An Ottawa man was sentenced to 10 years of prison on Monday after he was found guilty of helping produce video and imagery for a neo-Nazi group that called for violence against Jewish people and other visible minorities.
Patrick Macdonald , 27, was found guilty earlier this year of participating in the activities of a known terror group, facilitating terrorist activity through the production of propaganda films and promoting hate speech.
Superior Court Justice Robert Smith handed down the 10-year sentence on Monday.
He told the court Macdonald knowingly participated in an activity by the terrorist group by producing three propaganda and recruitment videos using his graphic designer skills as well as multimedia equipment.
In one of the videos, Macdonald could be seen wearing battle fatigues and carrying a machine gun, Smith said.
Smith also said Macdonald shared the recruitment and propaganda videos with other neo-Nazi groups, and thus helped terrorist activities by seeking to recruit additional members to a known terror organization.

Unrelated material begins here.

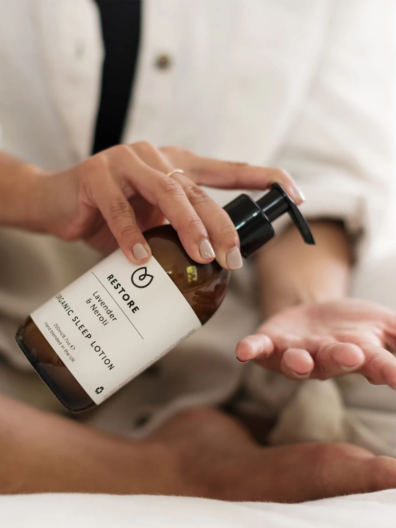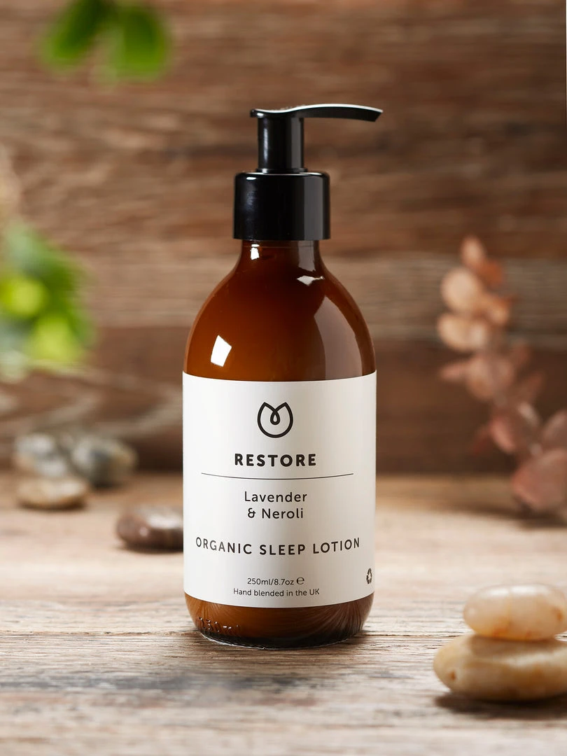 Containing all natural and organic ingredients that support your sleep such as organic lavender oil you’ll be guaranteed to feel restored and renewed upon waking. Our Restore sleep lotion blend works like a dream by soothing your skin and calming your mind after a long day.Â

The justice added this encouraged the formation of “lone wolf cells” to commit violent terror against minority groups to accelerate a race war.
Macdonald also published propaganda images online under the alias “Dark Foreigner,” Smith said.
“Encouraging individuals to join a terrorist group and to participate in a terrorist activity is a serious event in a democratic country such as Canada, such conduct must be strongly denounced and encouraged by the court by imposing a lengthy total sentence of 10 years in prison,” Smith said.
However, Smith said Macdonald has apologized in court and has participated in Project ReSET for the last two years. Project ReSet is a five-year initiative by the John Howard Society of Ottawa to disengage people in Eastern Ontario from extremist-based violence.
Macdonald has also volunteered his time at organizations that helped minority communities, apologized in court and has renounced his hateful and violent ideologies, the judge said.
Throughout the trial, Crown prosecutors argued that Macdonald used his skills as a graphic designer to produce recruitment videos and imagery for the Atomwaffen Division, a group linked with spreading neo-Nazi propaganda. The Crown argued that Macdonald posted the videos and “violent images and statements” online, which promoted hatred against Jewish people and other minority groups.
Defence lawyers had said the evidence was circumstantial and did not connect him to the political recruitment videos for the group. The Atomwaffen Division is based out of the United States, and was labelled a terrorist entity in Canada in 2021.
The Crown had urged the judge to sentence Macdonald to 14 years, while defence lawyers said he should only be sentenced for six to seven years, with about 10 months credited for time served in custody.
Evan Balgord, executive director of the Canadian Anti-Hate Network, called the sentence “significant.”
“This was not just a slap on the wrist,” he said.
“I think Patrick McDonald got the sentence he should have. He was really responsible for creating this new visual language of the sort of modern-day terroristic neo-Nazi movements. So his work and his aesthetic will last much longer than his personal involvement did, as far as we know, and may continue to have an impact.”
He also said this could set a precedent for other hate-related court cases in the future. Seth Bertrand, 22, was recently found guilty of participating in the activity of Atomwaffen Division in Windsor. Kristoffer Nippak and Matthew Althorpe, two men accused of helping Atomwaffen Division, are set to have their judge-alone trial in Toronto next January.
But Balgord wants the Criminal Code to be reformed to acknowledge the severity of hate crimes and the impacts they have on minority groups across Canada.
Data from the Canadian Race Relations Foundation said one in six Canadians reported that they have experienced, possibly or definitively, a hate crime in the past year. However, only one of four of those who definitely or suspect they experienced a hate crime reported this experience to the police.
“Generally speaking, the system that deals with hate crimes doesn’t work very well at all,” he said. “In general, I’d like to see some changes to the criminal code to address what I’m going to call prevalent forms of hate crimes.”
Balgord urged Ottawans to fight against hate groups who are using their influence to create racist and hateful government policies, such as “re-migration,” a far-right concept of ethnic cleansing via mass deportation of non-white immigrants and their descendants.
Local anti-racist demonstrations and rallies in response to racist and fascist policies are an “excellent” way to do that, he said.
“People just need to be on the lookout for where these ideas live, where they’re coming from, who’s being influenced by them when they start making their way into mainstream politics, and to be responsive to them,” Balgord said.